検察は「今回の事故は単純な事故ではなく、企業が利潤追求に血眼になって、非熟練労働者を不法派遣され、最小限の安全対策や教育もなく、納品日程に合わせるために無理に生産を強行したために発生した人災」で、「23人の大切な生命を失うなど、被害規模の面でも前例を探すのが難しい事件だ」とした。続けて「重大災害処罰法の立法趣旨に合うような企業活動をするように警戒心を高める次元でも、厳罰は避けられない」と検察は付け加えた。
検察は、アリセルが損害賠償額の支給を回避するために、軍納用二次電池の納品日程に合わせようと無理に生産量を増やしたことが事故の原因と見た。アリセルは実際の事故の約一ヶ月前から、未熟練の不法派遣労働者を従来の二倍の水準にまで増やし、一日の生産量も約二倍増やした。不法派遣労働者は、火災時の待避路案内など十分な安全教育を受けられないまま作業に投入された。

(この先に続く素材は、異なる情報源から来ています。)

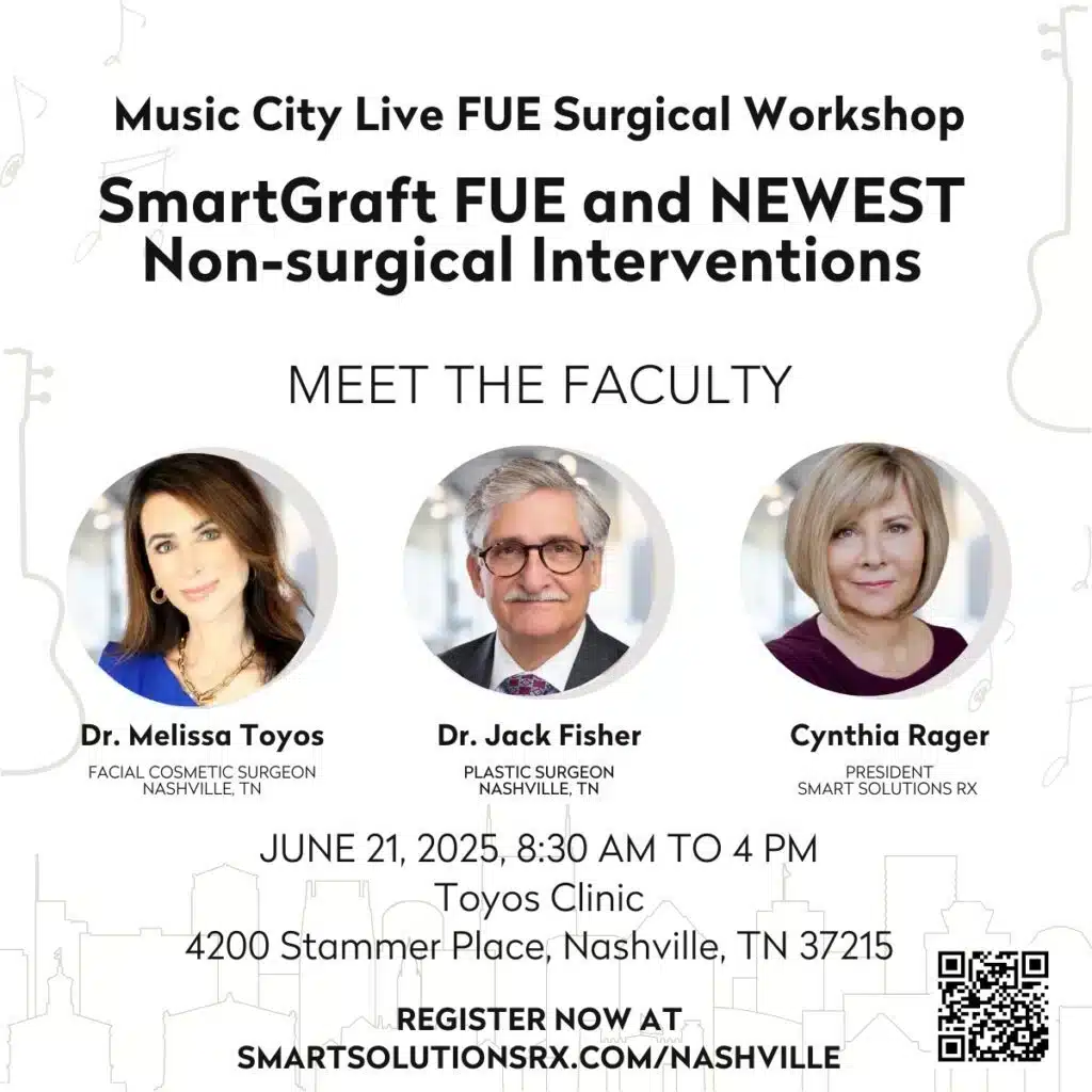 Join us in the heart of Nashville for a dynamic, hands-on educational event where cutting-edge FUE technology meets next-generation non-invasive therapies. The Music City Live FUE Surgical Workshop is an exclusive, full-day training experience designed for both new and experienced hair restoration professionals.

遺族たちは、避難路だけでも事前に正確に案内されていれば、死亡者の規模を減らすことができたはずだと主張してきた。
検察は特にパク・スングァン代表に対して、「経営責任者でありながら犯行を否認し、刑事責任を免れるために他人に責任を転嫁している」と強調した。パク・スングァン代表がアリセルの実質的な経営責任者は自分ではなく息子のパク・ジュンオン本部長だと主張してきたことに、正面から反論したのだ。